▶ _WHAT TO DO_:
Could you copy exactly the lines below, beginning at the line with "One of the most" and stopping after the line with "Despite touching on", with no pictures?

Stored data
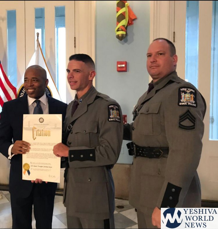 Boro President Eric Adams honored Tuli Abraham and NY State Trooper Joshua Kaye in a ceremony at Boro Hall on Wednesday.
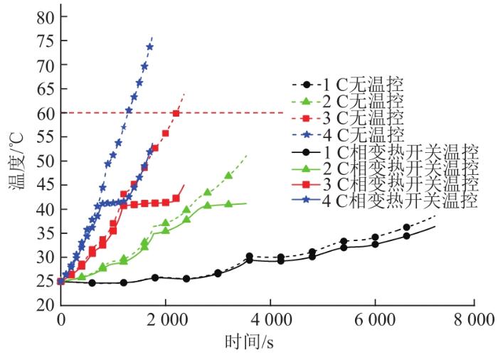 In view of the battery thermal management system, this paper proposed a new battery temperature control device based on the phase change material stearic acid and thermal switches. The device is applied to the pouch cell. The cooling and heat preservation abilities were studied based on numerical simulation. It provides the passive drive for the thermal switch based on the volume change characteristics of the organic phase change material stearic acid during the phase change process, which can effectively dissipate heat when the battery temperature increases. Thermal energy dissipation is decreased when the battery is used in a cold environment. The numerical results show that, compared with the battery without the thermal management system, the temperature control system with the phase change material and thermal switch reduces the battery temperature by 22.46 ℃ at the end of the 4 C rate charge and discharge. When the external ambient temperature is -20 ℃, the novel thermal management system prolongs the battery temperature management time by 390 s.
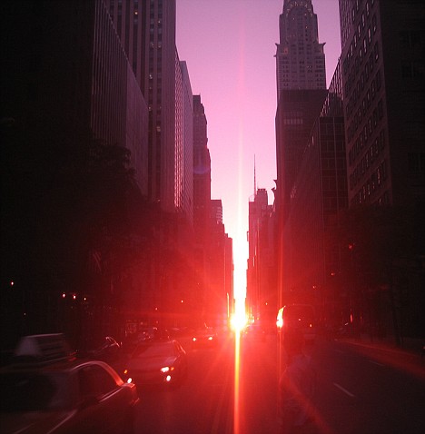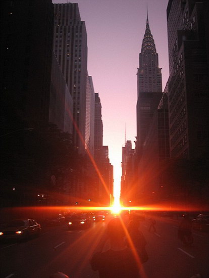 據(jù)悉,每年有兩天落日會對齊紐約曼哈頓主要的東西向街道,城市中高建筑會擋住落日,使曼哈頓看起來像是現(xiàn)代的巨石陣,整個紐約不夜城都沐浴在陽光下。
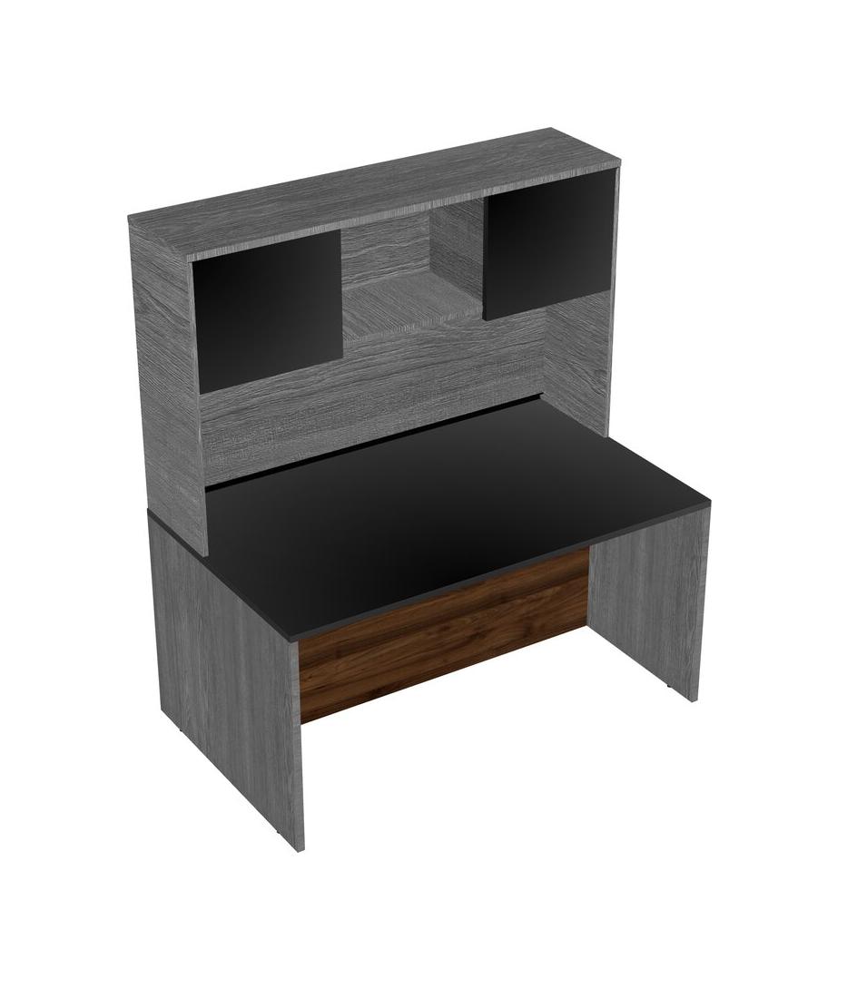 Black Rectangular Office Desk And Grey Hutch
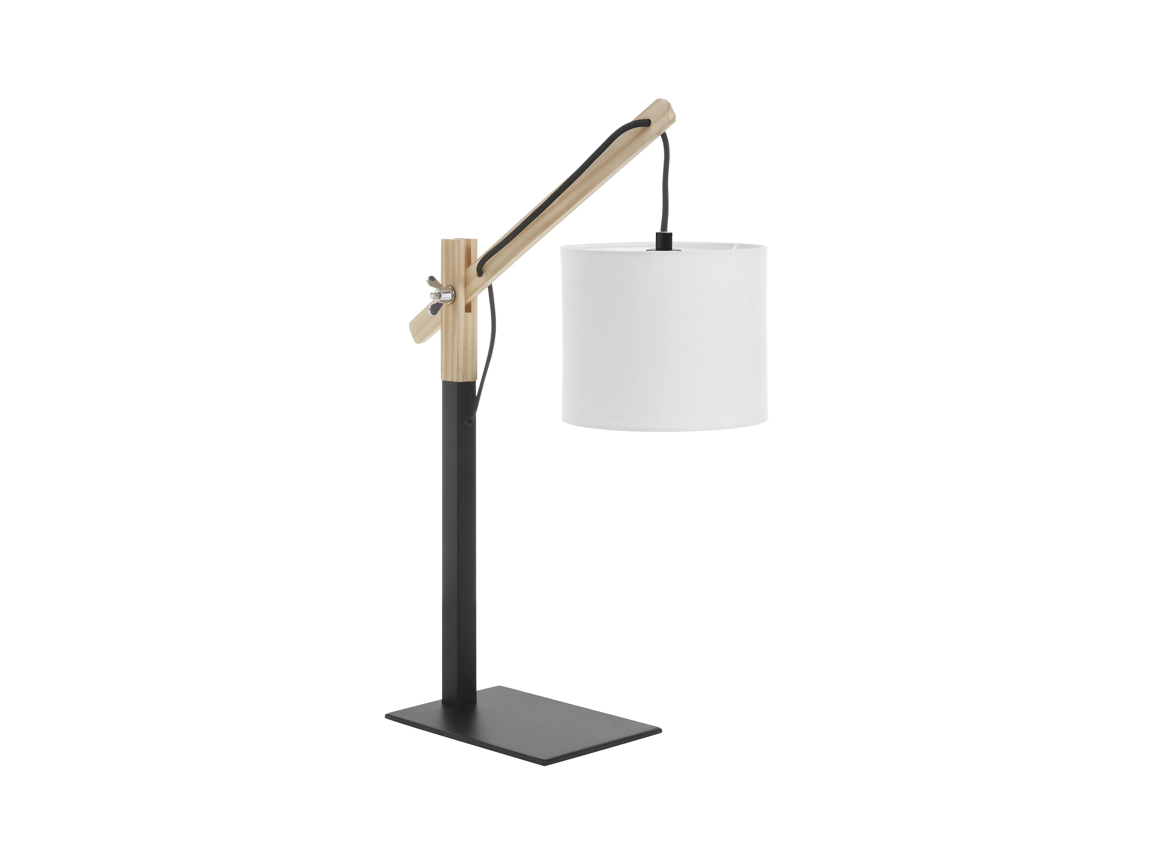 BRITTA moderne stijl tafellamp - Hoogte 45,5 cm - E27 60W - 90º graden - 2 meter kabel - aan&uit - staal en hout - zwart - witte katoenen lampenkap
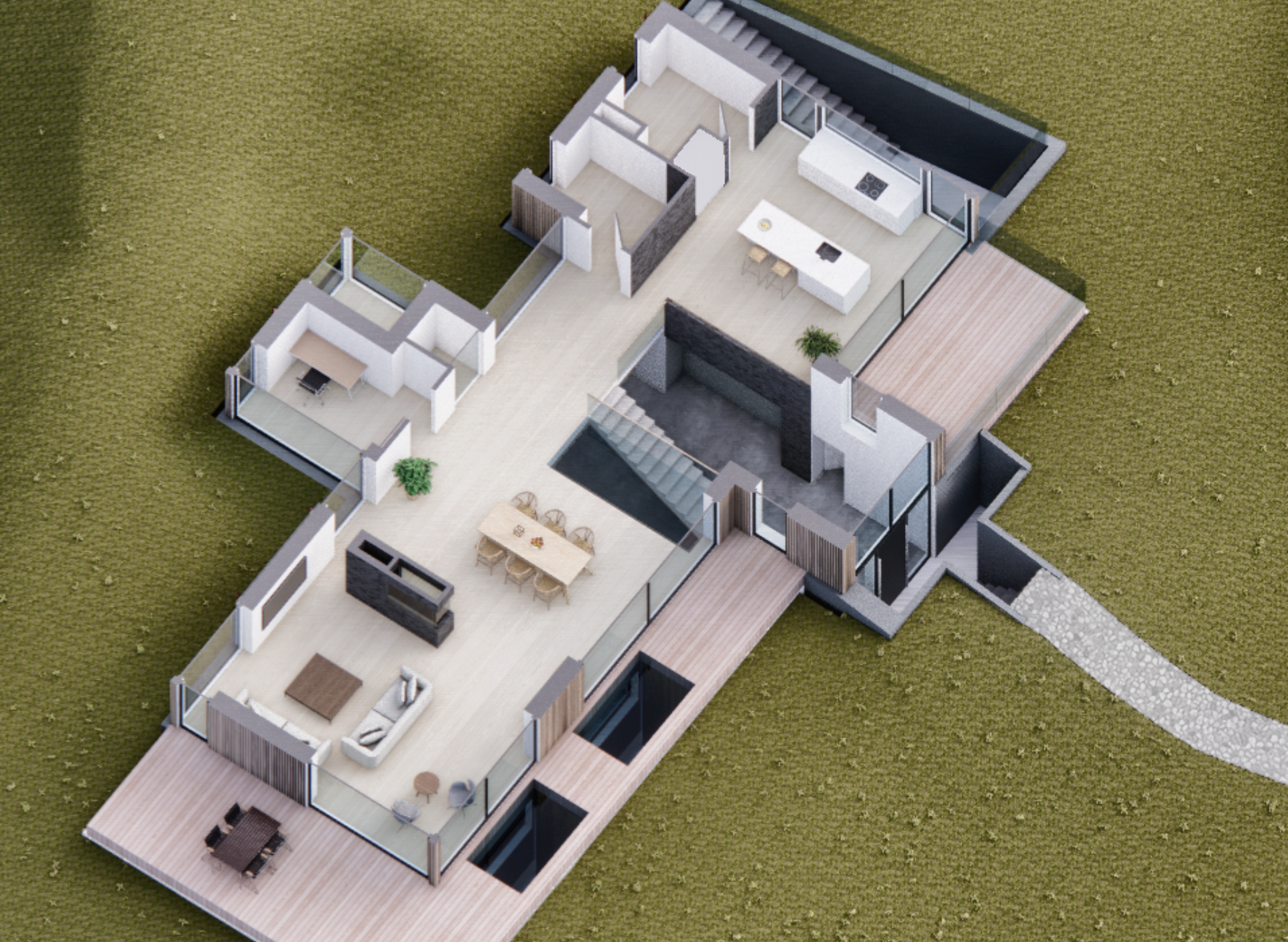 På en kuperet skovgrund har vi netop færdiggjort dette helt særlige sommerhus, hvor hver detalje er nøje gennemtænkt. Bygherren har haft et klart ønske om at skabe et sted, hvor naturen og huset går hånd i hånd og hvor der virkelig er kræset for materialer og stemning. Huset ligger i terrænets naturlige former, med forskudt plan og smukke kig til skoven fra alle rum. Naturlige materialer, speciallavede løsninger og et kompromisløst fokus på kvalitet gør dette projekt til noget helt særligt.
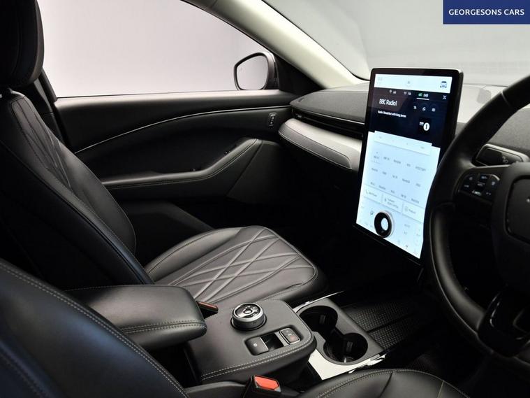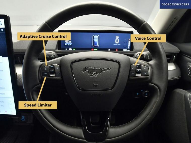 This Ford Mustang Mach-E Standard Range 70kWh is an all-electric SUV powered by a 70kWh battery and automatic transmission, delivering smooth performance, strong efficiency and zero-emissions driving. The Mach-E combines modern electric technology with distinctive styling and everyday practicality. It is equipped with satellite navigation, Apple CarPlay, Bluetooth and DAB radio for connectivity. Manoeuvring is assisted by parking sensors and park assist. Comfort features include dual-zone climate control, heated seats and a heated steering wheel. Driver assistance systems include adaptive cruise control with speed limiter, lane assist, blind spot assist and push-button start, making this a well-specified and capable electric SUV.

* * *

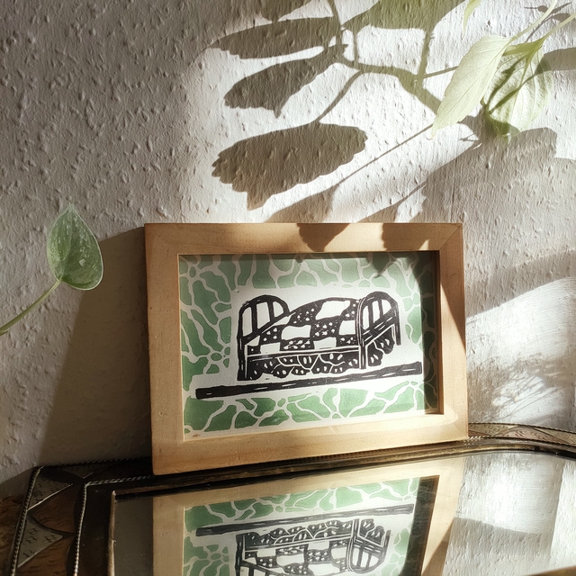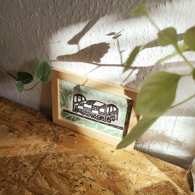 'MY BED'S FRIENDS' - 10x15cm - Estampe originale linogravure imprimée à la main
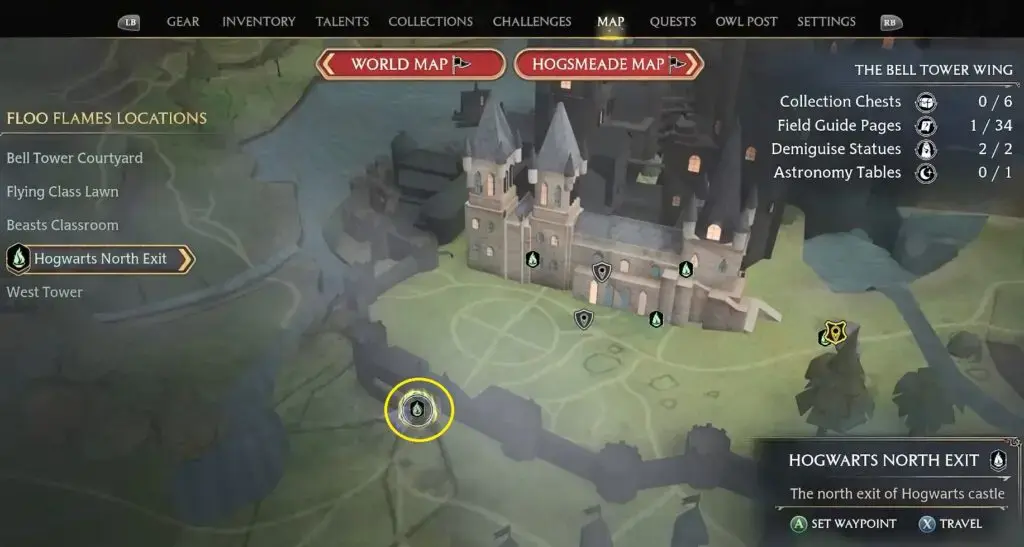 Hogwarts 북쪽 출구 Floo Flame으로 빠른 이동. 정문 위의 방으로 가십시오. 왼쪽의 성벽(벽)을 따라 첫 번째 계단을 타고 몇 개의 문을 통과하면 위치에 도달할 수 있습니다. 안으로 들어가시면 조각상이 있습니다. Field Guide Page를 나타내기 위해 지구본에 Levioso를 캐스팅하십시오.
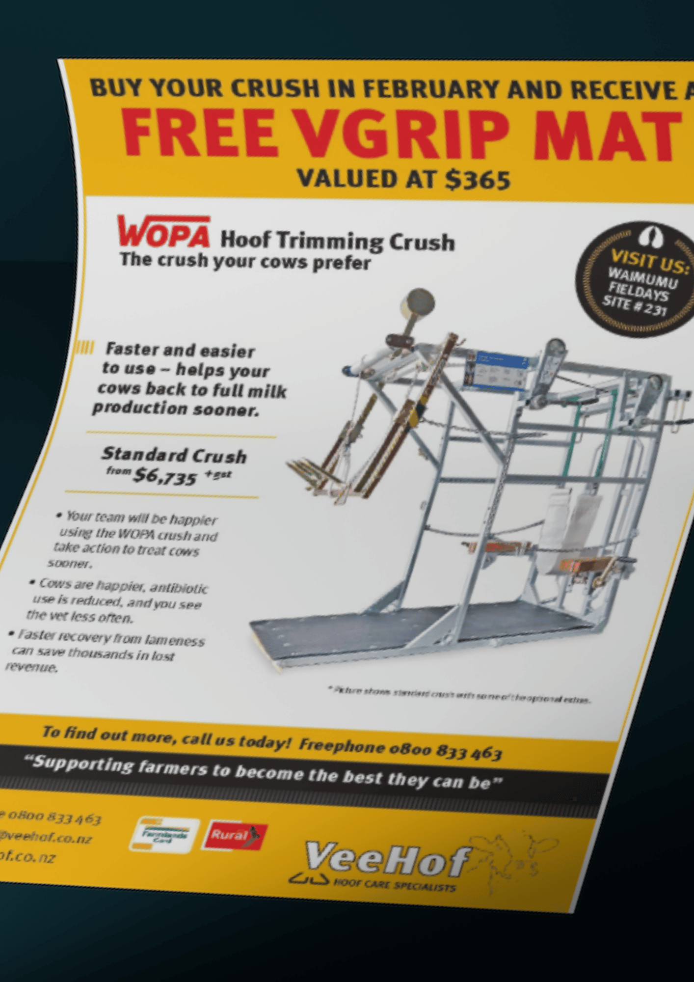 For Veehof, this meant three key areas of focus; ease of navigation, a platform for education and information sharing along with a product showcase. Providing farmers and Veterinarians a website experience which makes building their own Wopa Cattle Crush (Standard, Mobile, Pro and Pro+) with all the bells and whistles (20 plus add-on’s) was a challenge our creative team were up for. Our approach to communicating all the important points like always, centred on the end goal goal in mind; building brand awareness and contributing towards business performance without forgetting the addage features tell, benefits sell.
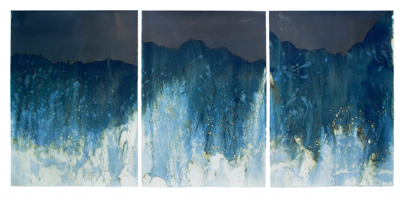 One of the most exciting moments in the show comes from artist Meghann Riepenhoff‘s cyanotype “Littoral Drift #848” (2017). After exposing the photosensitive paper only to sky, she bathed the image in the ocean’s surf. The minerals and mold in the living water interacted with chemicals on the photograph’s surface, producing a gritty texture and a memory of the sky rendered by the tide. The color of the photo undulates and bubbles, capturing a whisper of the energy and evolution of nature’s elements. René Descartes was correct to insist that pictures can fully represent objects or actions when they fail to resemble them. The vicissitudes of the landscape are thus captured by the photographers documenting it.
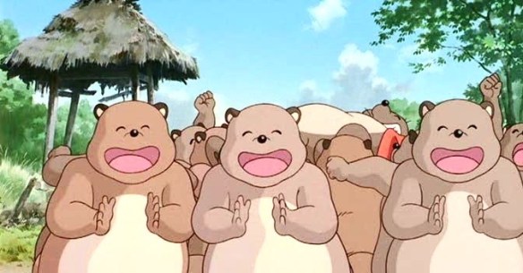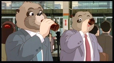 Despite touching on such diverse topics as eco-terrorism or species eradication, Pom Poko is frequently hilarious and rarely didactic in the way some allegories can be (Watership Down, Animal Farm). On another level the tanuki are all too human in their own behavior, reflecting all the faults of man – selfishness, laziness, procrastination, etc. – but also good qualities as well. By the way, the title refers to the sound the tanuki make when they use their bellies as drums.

▶ _WRITTEN SOLUTION_:
 One of the most exciting moments in the show comes from artist Meghann Riepenhoff‘s cyanotype “Littoral Drift #848” (2017). After exposing the photosensitive paper only to sky, she bathed the image in the ocean’s surf. The minerals and mold in the living water interacted with chemicals on the photograph’s surface, producing a gritty texture and a memory of the sky rendered by the tide. The color of the photo undulates and bubbles, capturing a whisper of the energy and evolution of nature’s elements. René Descartes was correct to insist that pictures can fully represent objects or actions when they fail to resemble them. The vicissitudes of the landscape are thus captured by the photographers documenting it.
 Despite touching on such diverse topics as eco-terrorism or species eradication, Pom Poko is frequently hilarious and rarely didactic in the way some allegories can be (Watership Down, Animal Farm). On another level the tanuki are all too human in their own behavior, reflecting all the faults of man – selfishness, laziness, procrastination, etc. – but also good qualities as well. By the way, the title refers to the sound the tanuki make when they use their bellies as drums.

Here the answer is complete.